* [TASK ITEM]: Retype exactly what runs from the first line of the data to the line with "The Vienna featured", keeping both of those lines and skipping pictures.

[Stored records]
......
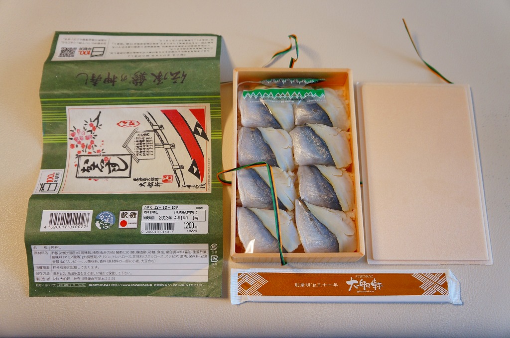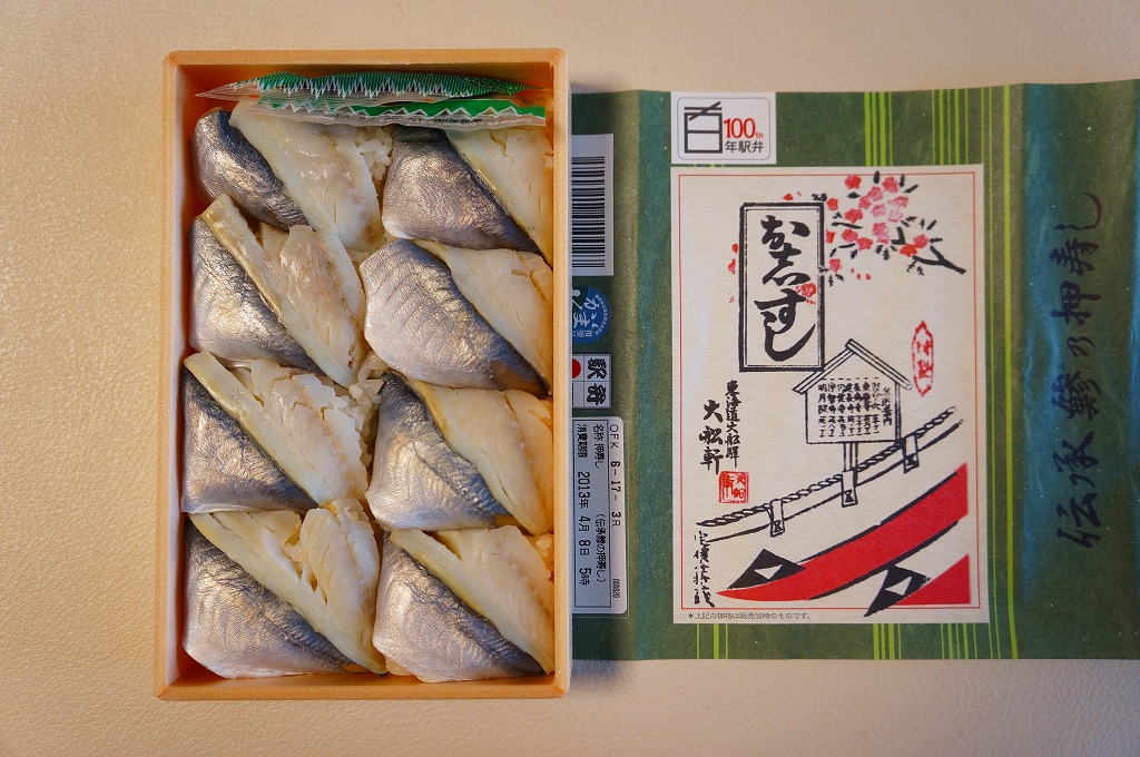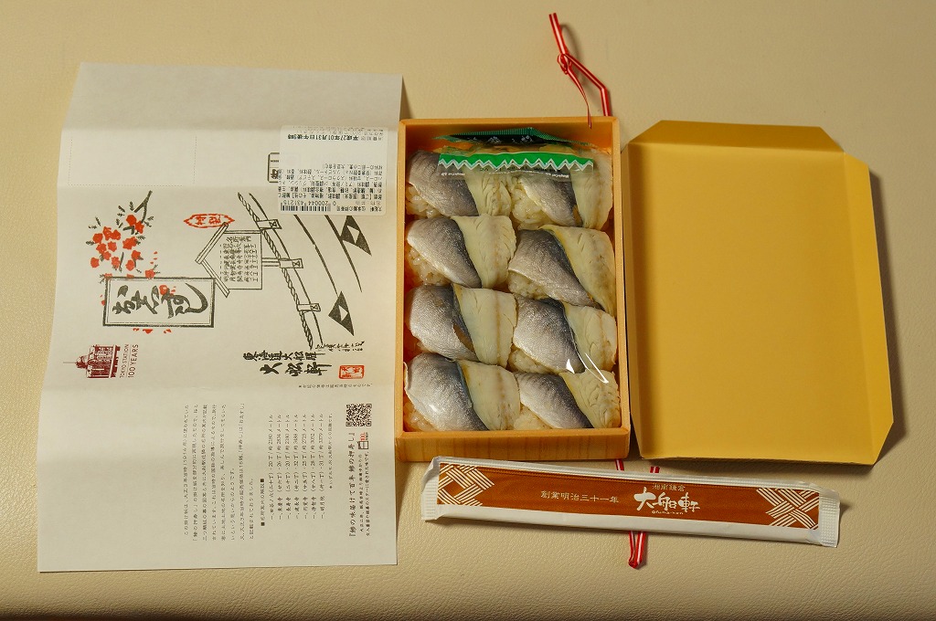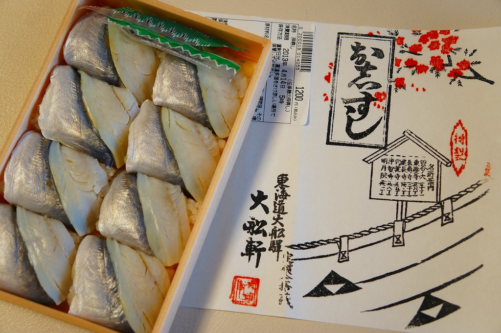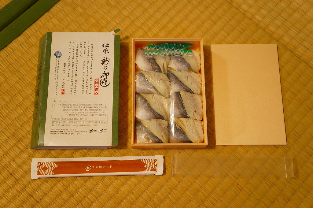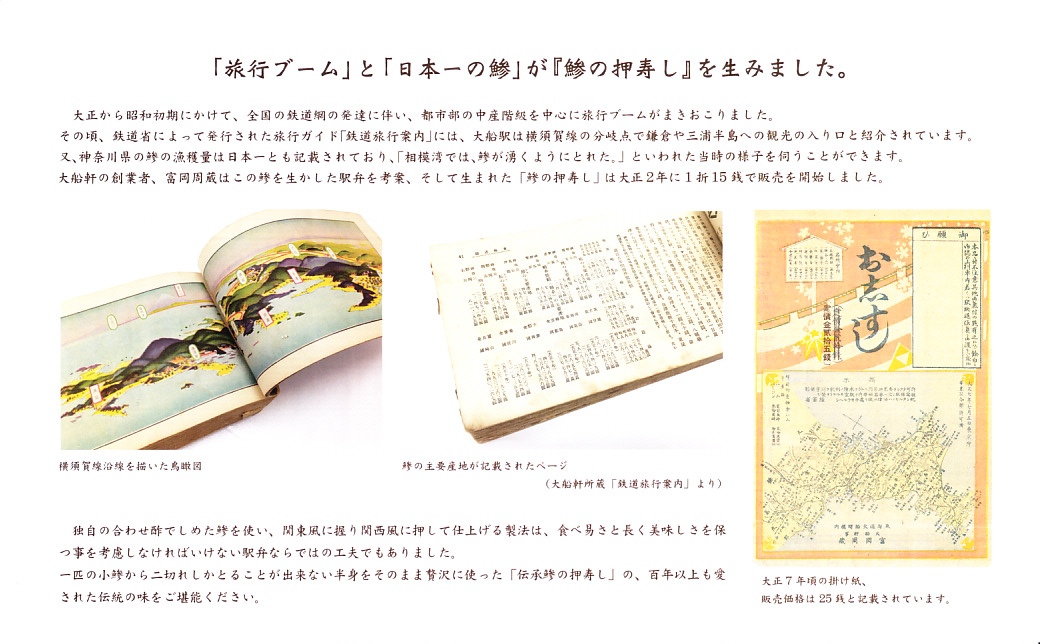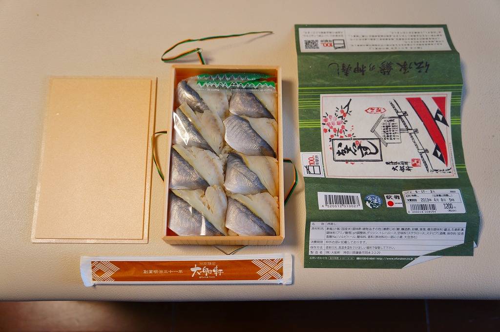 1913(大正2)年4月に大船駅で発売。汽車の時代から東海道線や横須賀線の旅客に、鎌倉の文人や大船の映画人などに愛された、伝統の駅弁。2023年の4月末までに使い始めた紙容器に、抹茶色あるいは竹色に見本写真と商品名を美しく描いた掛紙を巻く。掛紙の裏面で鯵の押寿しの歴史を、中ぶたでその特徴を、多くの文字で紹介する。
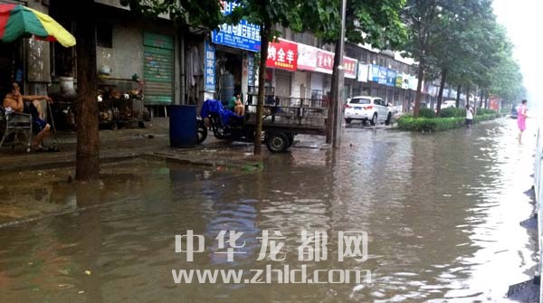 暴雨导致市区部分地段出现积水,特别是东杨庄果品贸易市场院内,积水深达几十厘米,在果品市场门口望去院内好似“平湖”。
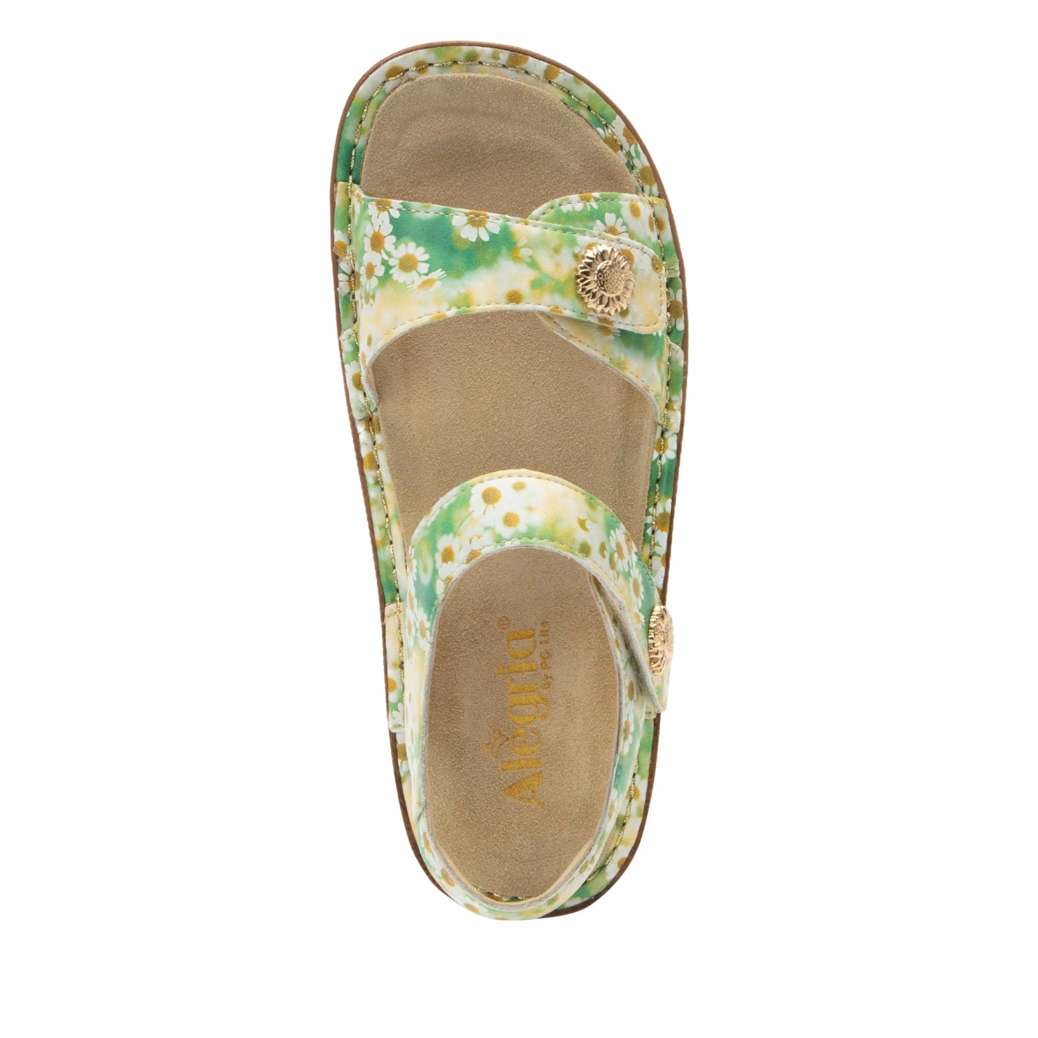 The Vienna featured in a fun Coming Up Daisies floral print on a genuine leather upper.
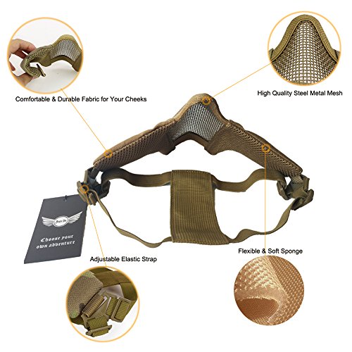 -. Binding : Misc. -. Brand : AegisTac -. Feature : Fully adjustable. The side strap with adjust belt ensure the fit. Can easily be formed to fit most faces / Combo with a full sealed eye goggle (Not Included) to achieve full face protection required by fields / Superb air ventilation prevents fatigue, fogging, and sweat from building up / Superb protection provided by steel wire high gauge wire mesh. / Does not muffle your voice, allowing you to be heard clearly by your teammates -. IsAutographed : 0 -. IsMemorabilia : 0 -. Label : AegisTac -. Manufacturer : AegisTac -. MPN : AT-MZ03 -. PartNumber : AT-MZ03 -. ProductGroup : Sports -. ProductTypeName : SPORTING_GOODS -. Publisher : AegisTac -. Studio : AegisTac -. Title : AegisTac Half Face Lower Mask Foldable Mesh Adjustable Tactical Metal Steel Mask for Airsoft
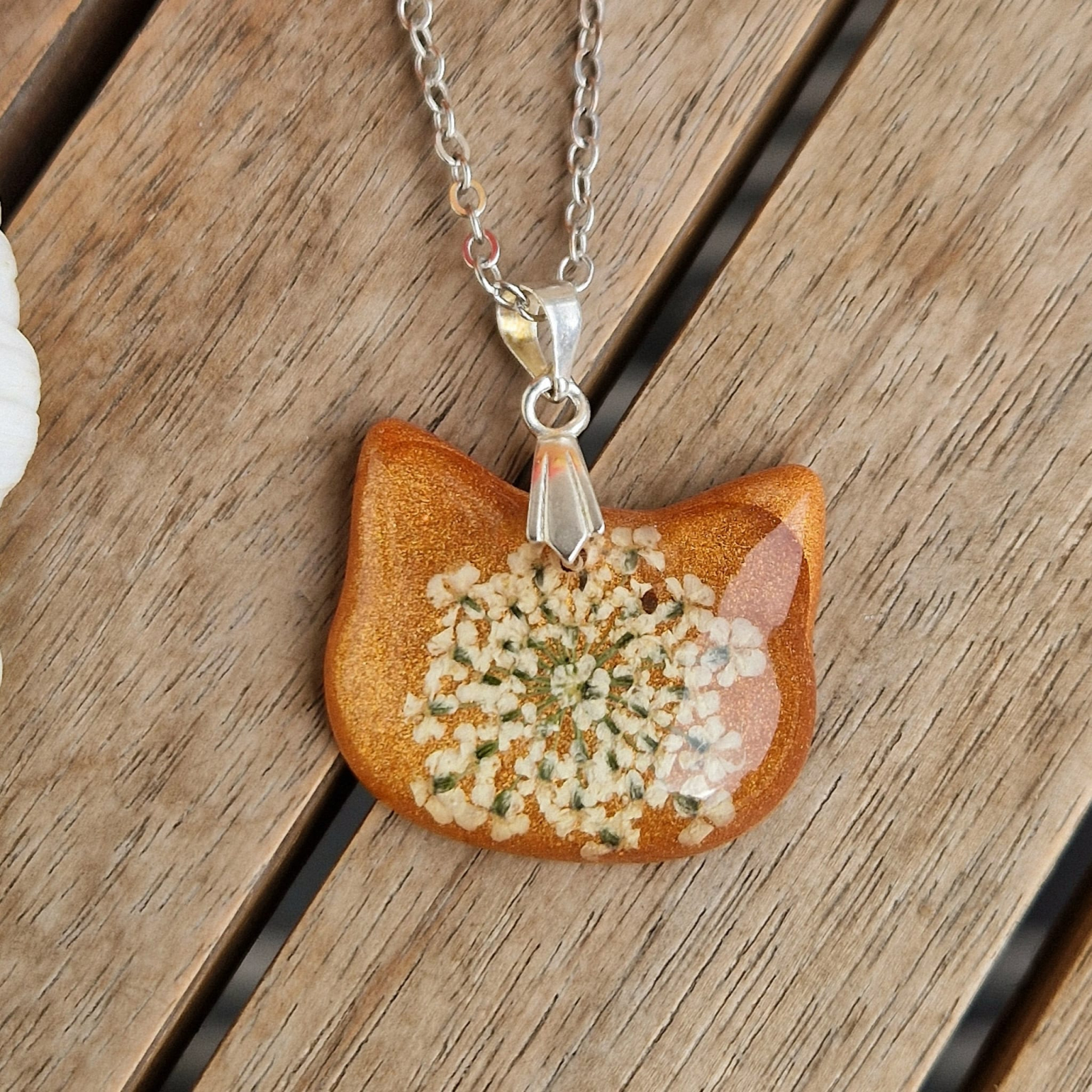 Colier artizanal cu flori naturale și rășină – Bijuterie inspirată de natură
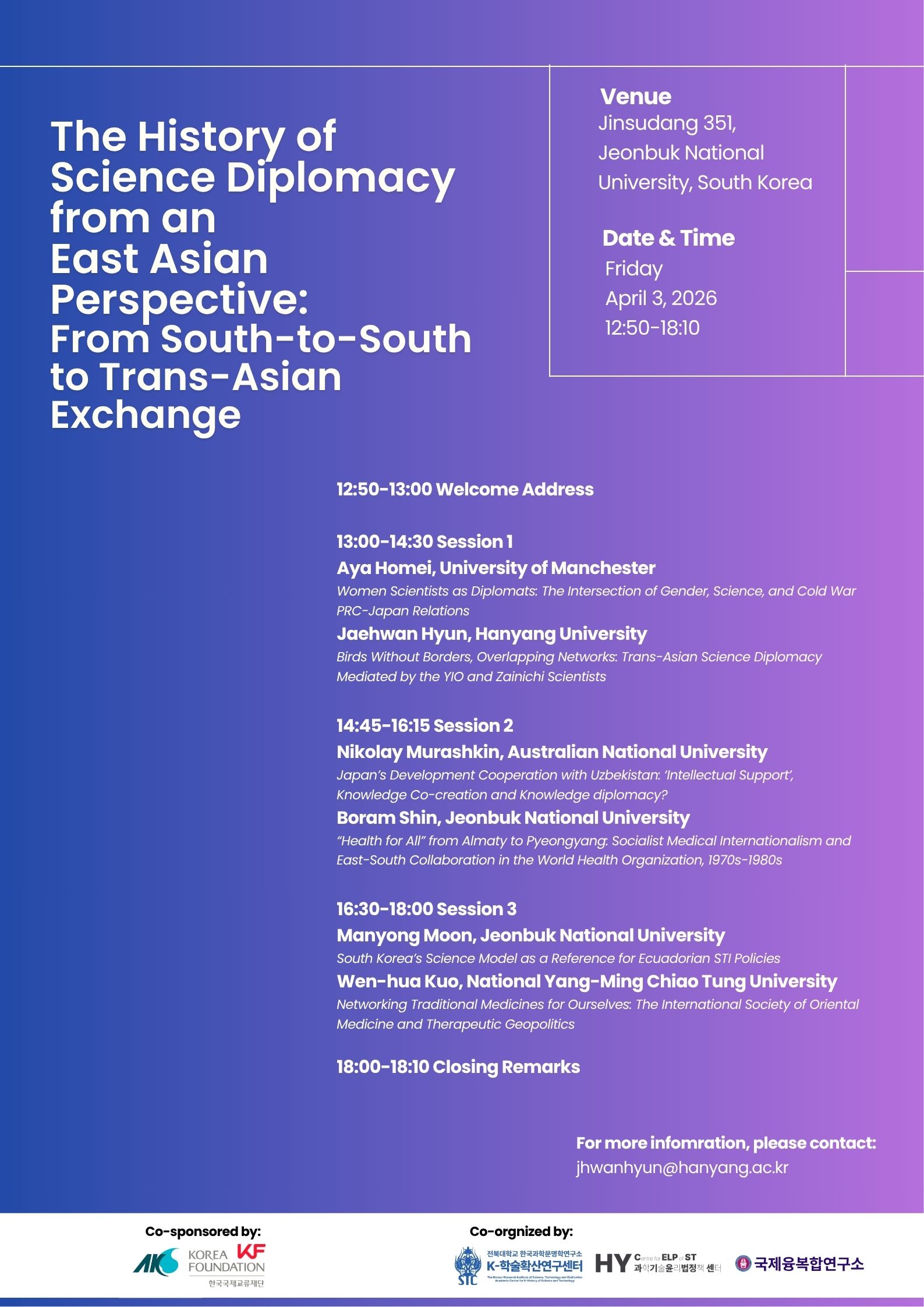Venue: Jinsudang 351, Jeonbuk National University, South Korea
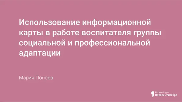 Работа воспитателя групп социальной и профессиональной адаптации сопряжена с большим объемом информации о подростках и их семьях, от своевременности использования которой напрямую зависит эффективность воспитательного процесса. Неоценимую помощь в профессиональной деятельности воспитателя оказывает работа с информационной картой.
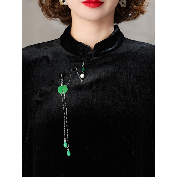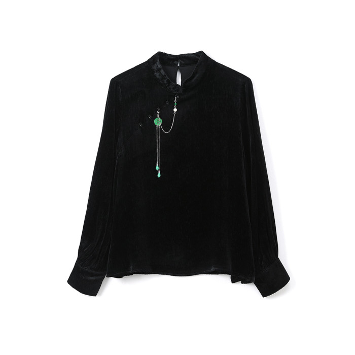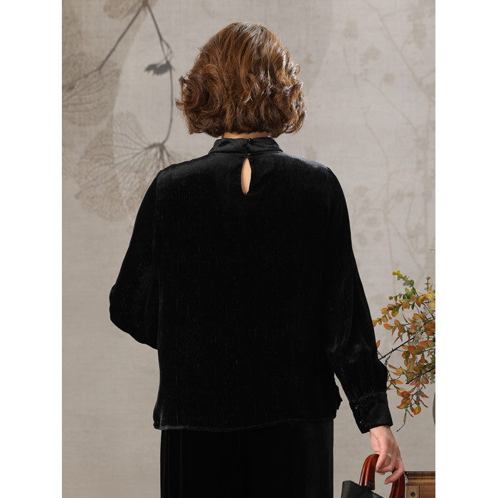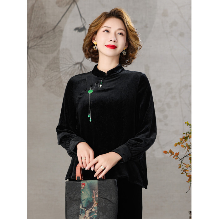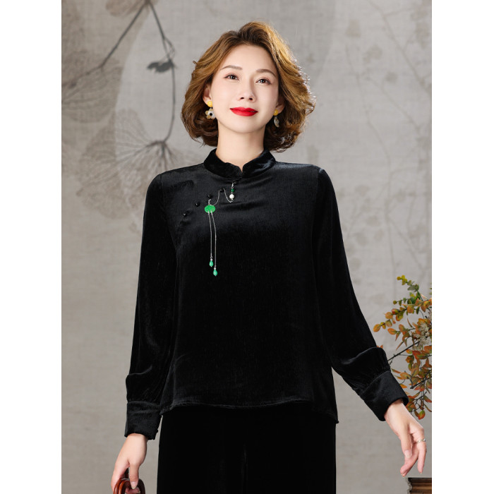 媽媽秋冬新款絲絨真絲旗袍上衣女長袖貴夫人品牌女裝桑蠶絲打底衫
......
* [RESULT OF THE EXERCISE]:
 1913(大正2)年4月に大船駅で発売。汽車の時代から東海道線や横須賀線の旅客に、鎌倉の文人や大船の映画人などに愛された、伝統の駅弁。2023年の4月末までに使い始めた紙容器に、抹茶色あるいは竹色に見本写真と商品名を美しく描いた掛紙を巻く。掛紙の裏面で鯵の押寿しの歴史を、中ぶたでその特徴を、多くの文字で紹介する。
 暴雨导致市区部分地段出现积水,特别是东杨庄果品贸易市场院内,积水深达几十厘米,在果品市场门口望去院内好似“平湖”。
 The Vienna featured in a fun Coming Up Daisies floral print on a genuine leather upper.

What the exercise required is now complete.